Cała sprawa wynikła z planowanego dziennego przebiegu tramwajów – miasto wraz z inżynierem kontraktu uznało, że każdy z wozów będzie mógł przejechać każdego dnia 300 kilometrów. Mocno upraszczając byłoby to około 30 przejazdów na trasie podstawowej Dworzec Główny – Jaroty, a ponieważ kurs tam i z powrotem  zajmować ma – znów w przybliżeniu – godzinę, to można w wielkim skrócie, że każdy pojazd mógłby być eksploatowany przez 15 godzin dziennie. Tymczasem okazało się, że unijne normy stanowią inaczej i tramwaj może maksymalnie przejeżdżać w ciągu dnia 250 kilometrów.
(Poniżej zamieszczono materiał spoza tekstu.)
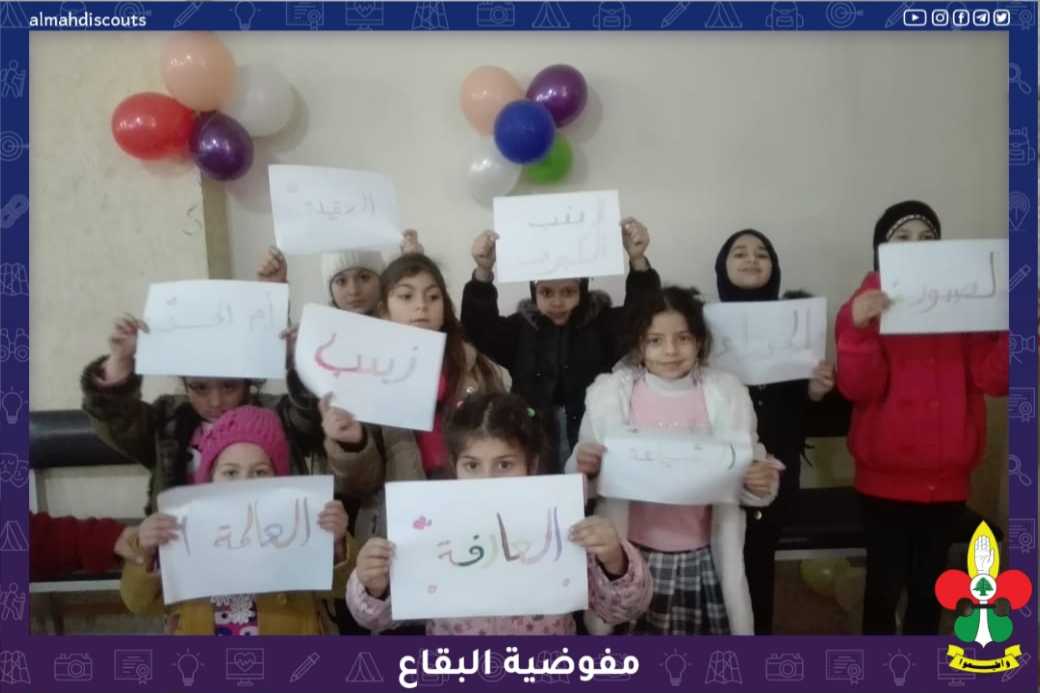 أحيا فوج السيدة زينب/ القطاع الغربي ببراعمه وزهراته ذكرى ولادة السيدة زينب عليها السلام... كان الافتتاح بالقرآن الكريم وبعدها سرد مقتطفات من حياة بطلة كربلاء، ثم قامت الكشفيات بتلوين ألقابها عليها السلام ليكون المولد المبارك ختاماً لنشاطهن مع الحلوى ودعاء الحجة...
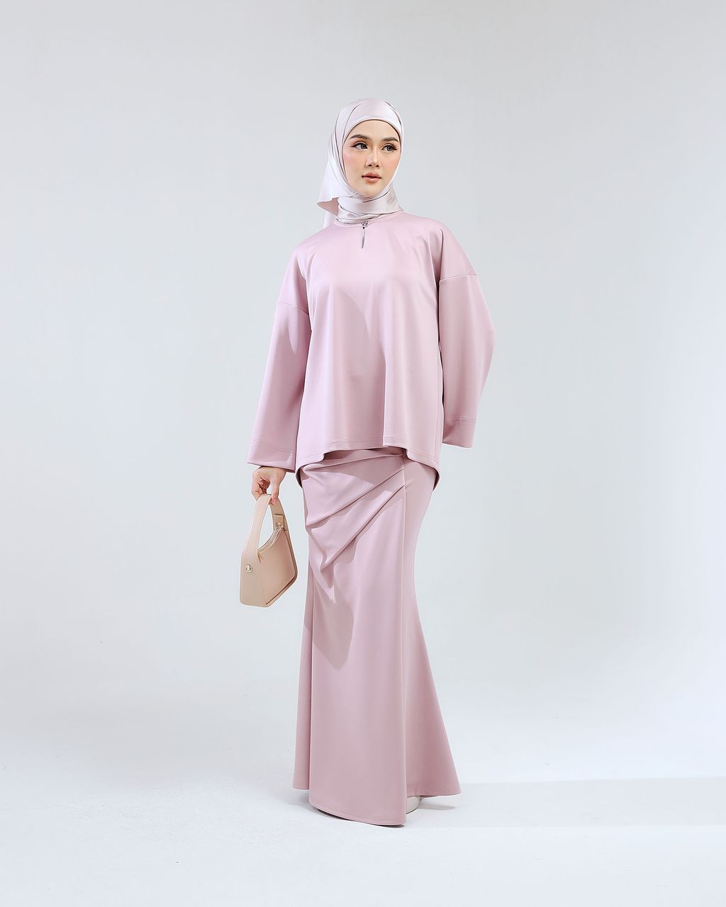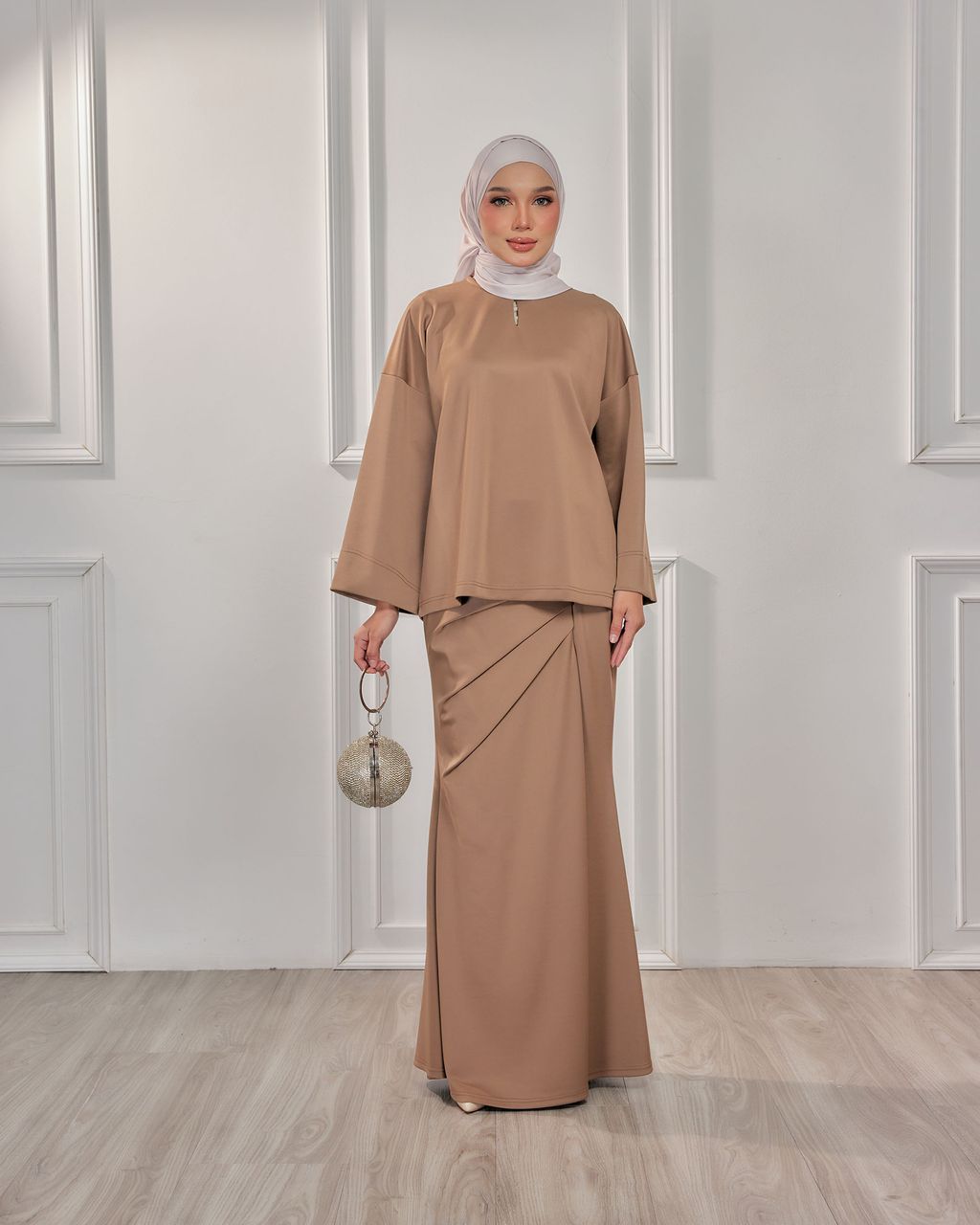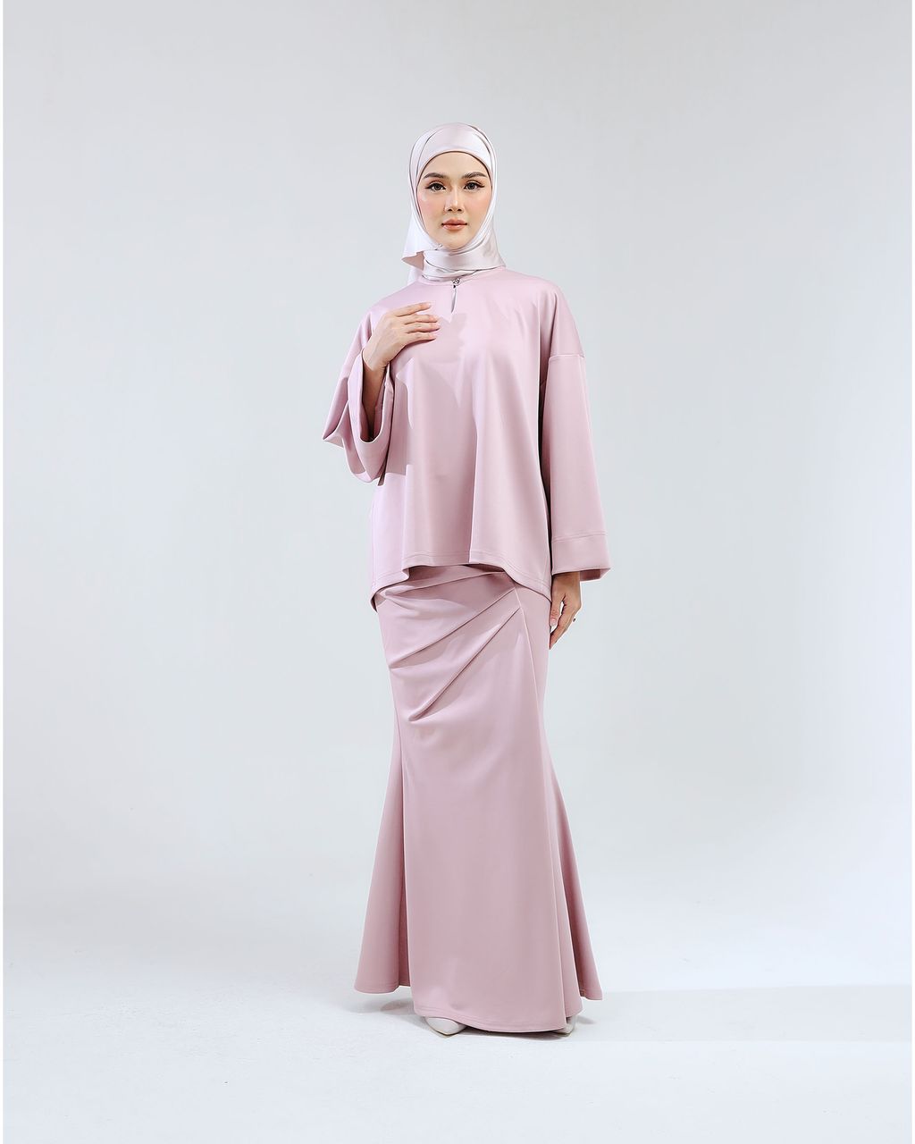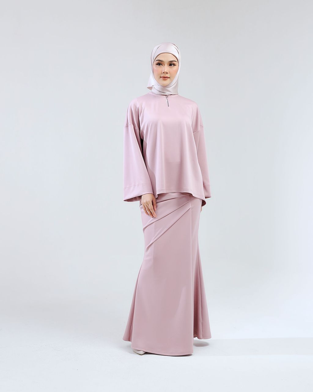 The top is a loose kedah cut top with wide wuduk friendly sleeves design that can even be easily pulled up for breastfeeding and comfortably loose enough for preggy mommy. Thus, the unique cut instant pleated skirt design gives a stylish look and comfortably easy to move without showing off your feet.

Przepisy unijne są często obiektem anegdot, ale akurat w tym przypadku okazują się bardzo przydatne i świetnie, że dobry wujek z Brukseli, który wykłada 85% pieniędzy, pilnuje, żeby były one wydawane rozsądnie. Skrócenie dnia pracy tramwaju z 15 do 12-13 godzin po pierwsze da więcej czasu na bieżące prace eksploatacyjne (przy maksymalnym wykorzystaniu wozów prace ograniczone byłyby właściwie tylko do pory nocnej), a po drugie w istotny sposób wydłuży żywotność tramwaju. Tę – przypomnijmy – szacuje się na 30 lat (chociaż niemieckie tramwaje z lat 60. i 70. kursujące z powodzeniem w wielu polskich miastach pokazują, że to szacunek bardzo ostrożny), podczas gdy tabor autobusowy zużywa się dwa razy szybciej, bo do kasacji trafia przeciętnie po 15 latach.
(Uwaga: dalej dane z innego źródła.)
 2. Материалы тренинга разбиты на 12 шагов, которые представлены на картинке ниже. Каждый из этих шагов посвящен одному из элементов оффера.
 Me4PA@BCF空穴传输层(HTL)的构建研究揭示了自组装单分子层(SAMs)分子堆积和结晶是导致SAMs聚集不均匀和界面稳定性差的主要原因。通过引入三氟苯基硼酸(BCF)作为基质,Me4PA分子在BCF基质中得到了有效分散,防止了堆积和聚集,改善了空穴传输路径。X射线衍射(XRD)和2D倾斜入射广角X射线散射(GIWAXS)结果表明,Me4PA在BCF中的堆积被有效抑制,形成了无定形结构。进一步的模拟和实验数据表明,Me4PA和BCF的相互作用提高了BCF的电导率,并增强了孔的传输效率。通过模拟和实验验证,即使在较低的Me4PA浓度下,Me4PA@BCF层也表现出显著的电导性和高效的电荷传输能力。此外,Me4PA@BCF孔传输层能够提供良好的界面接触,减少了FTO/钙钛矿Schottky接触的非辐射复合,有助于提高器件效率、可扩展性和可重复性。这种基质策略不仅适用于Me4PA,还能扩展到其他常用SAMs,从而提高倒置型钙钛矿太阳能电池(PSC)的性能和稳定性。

Na taką sytuację można było zareagować dwojako: albo skrócić trasy tramwajów, co raczej w grę nie wchodziło, albo zamówić więcej pojazdów. Zwyciężyła druga opcja – zdroworozsądkowa – i przyniesie to niemal same korzyści. Być może uda się zwiększyć częstotliwość kursowania na liniach Dworzec Główny – Jaroty i Dworzec Główny – Kortowo, gdzie zaplanowany jest takt 20-minutowy (o pierwszych przymiarkach do rozkładów jazdy informowaliśmy w sierpniu 2010 roku). Piszemy „być może”, bo wymaga to bardziej precyzyjnych wyliczeń. Nawet jeśli częstotliwość kursowania się nie zwiększy, to możliwe, że zyskamy rezerwę, czyli wóz pojawiający się w ruchu liniowym w wypadku awarii któregoś z tramwajów albo w razie potrzeby doraźnego zagęszczenia kursów.

Na pewno za to tramwaje będą mogły więcej czasu spędzać w zajezdni, co ułatwi bieżące przeglądy. Gdyby było ich mniej – a w pewnym momencie mowa była nawet o zamówieniu tylko 11 wozów – byłyby eksploatowane przez dłuższy czas, do zajezdni zjeżdżałyby więc równie późno i wszystkie musiałyby być konserwowane w nocy. Jednoczesna obsługa ponad dziesiątki tramwajów wymagałaby albo większej liczby zatrudnionych (a to niestety podwyższa koszty), albo rzadszych przeglądów, co z kolei wpływa na żywotność wozów. Gdy tramwajów będzie więcej, można to będzie rozsądniej rozplanować.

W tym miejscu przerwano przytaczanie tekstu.